# Assignment Starter Code

# Read structural data per district

In [None]:
!pip install openpyxl

In [None]:
import pandas as pd
# Make sure to read column "District" as a String
df = pd.read_excel('ew24_structure_data.xlsx',dtype={'District': str})
print(df.head())


# Read historical data an European Elections

In [None]:
import pandas as pd

# Replace 'file.csv' with the path to your CSV file
df = pd.read_csv('ew_79_24.csv',sep=";")

# Display the first few rows of the DataFrame
print(df.head())

# Read 2024 EU Election Resultions per District (Number of votes per party and distrct)

In [None]:
import pandas as pd

# Replace 'file.csv' with the path to your CSV file
df_votes = pd.read_csv('ewkr24_umrechnung_ew19.csv',sep=";",dtype={'District': str})

# Display the first few rows of the DataFrame
print(df_votes.head())

# Vizualize Geographic Data

To display election data, you don't need postal codes but rather the area numbers. You can find these geographic data here:

https://gdz.bkg.bund.de/index.php/default/verwaltungsgebiete-1-2-500-000-stand-31-12-vg2500-12-31.html

Download the data in the GK3 format. You will also find documentation in the download. All files are also provided in the materials folder

VG2500_KRS.shp / .dbf / .cpg / .prj / .shx

In [None]:
!pip install geopandas

In [None]:
!pip install matplotlib

In [None]:
import geopandas as gpd
import matplotlib.pyplot as plt

shapefile_path = 'VG2500_KRS.shp'
districts = gpd.read_file(shapefile_path)

fig, ax = plt.subplots(figsize=(10, 15))
districts.plot(ax=ax, color='white', edgecolor='black')

for x, y, label in zip(districts.geometry.centroid.x, districts.geometry.centroid.y, districts['AGS']):
    ax.text(x, y, label, fontsize=8, ha='center', va='center')
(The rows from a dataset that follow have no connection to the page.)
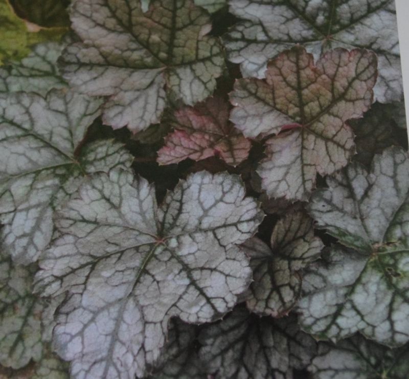 Rodzaj: Żurawka (Heuchera) Odmiana: Silver Indiana Wymiary: tworzy kępy o średnicy 30 cm i wysokości 15 cm/75 cm z kwiatostanem. Kolorystyka: liście w odcieniach zieleni, srebra i fioletu z kontrastowym żyłkowaniem. Kwiaty: białe. Kwitnienie: od maja do września. Warunki: stanowisko pół-cieniste/słoneczne.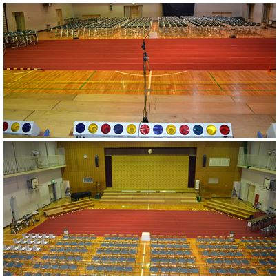明日の朝、体育館の開場は8:30です。天候が心配されますが、暖かい格好をして、安全にお越しください。お車での来校はご遠慮ください。子どもたち、職員一同お待ちしています。(どこに座るとお子様がよく見えるか、確認してきてくださいね。)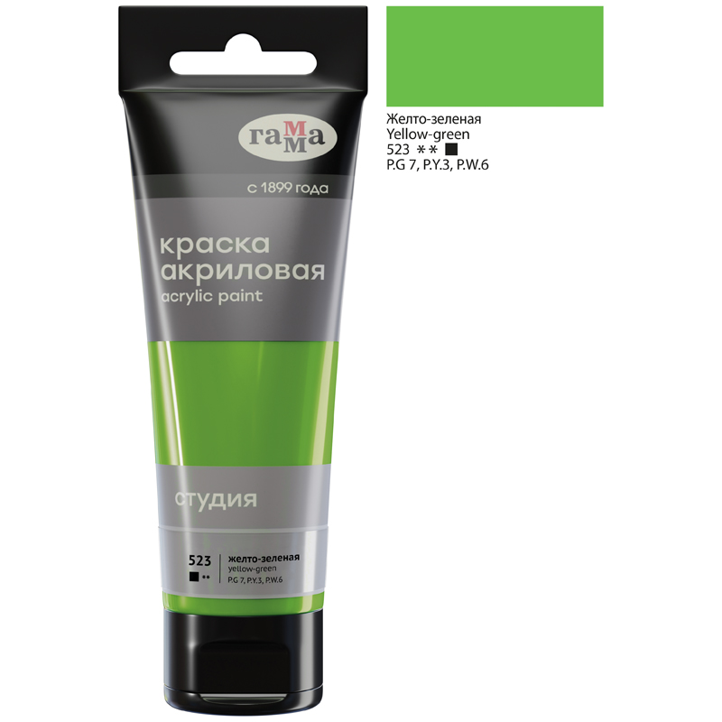 Акриловые краски "Студия" предназначены для художественно-живописных и декоративно-прикладных работ. Их отличают насыщенные цвета, высокая адгезия, отличная прочность. После высыхания становятся глянцевыми, практически не темнеют, специальные добавки позволяют максимально раскрыть красоту цвета. Акриловые краски "Студия" обладают густой консистенций, высокой разносимостью, позволяя писать в различных техниках живописи. Время высыхания от 10 минут до 1 часа в зависимости от толщины слоя краски. Подходят для бумаги, картона, грунтованного холста, дерева, стекла, кожи, ткани. Прозрачный корпус тубы позволяет увидеть цвет краски, а удобная крышка флип-топ предотвращает высыхание краски в тубе.

ax.set_title('Districts in Germany')
plt.show()

# Join Geodata and votes

In [None]:
districts.head()

In [None]:
df_votes

In [None]:
df_district_votes_spd = pd.merge(districts, df_votes[['District', 'SPD']], left_on='AGS', right_on='District', how='left')

# Display the result
print(df_district_votes_spd)

In [None]:
df_district_votes_spd[["AGS","District","SPD"]]


In [None]:
# Plotting the GeoDataFrame with a color map, but grayscale doesn't work
ax = df_district_votes_spd.plot(column='SPD', cmap='Greys', linewidth=0.8, edgecolor='0.8', legend=True)

ax.set_title("Map of SPD Voters")
ax.set_axis_off()
plt.show()

## Scale the numbers and use a different colormap

In [None]:
!pip install scikit-learn

In [None]:
from sklearn.preprocessing import MinMaxScaler
scaler = MinMaxScaler()
df_district_votes_spd['SPD_normalized'] = scaler.fit_transform(df_district_votes_spd[['SPD']])

# Display the DataFrame with the new normalized column
print(df_district_votes_spd[['AGS', 'District', 'SPD', 'SPD_normalized']])

In [None]:
from matplotlib.colors import LinearSegmentedColormap, Normalize
import matplotlib.colors as mcolors
import numpy as np

norm = Normalize(vmin=df_district_votes_spd['SPD_normalized'].min(), vmax=df_district_votes_spd['SPD_normalized'].max())
ax = df_district_votes_spd.plot(column='SPD_normalized', 
    cmap= LinearSegmentedColormap.from_list('color_spd', ['#fff', '#e3000f'], N=1000), 
    linewidth=0.8, edgecolor='0.8', 
    norm=norm, legend=True,
    )

ax.set_title("Normalized SPD Values")
ax.set_axis_off()
plt.show()

... or maybe not absolute numbers put percentage of voters are better to visualize?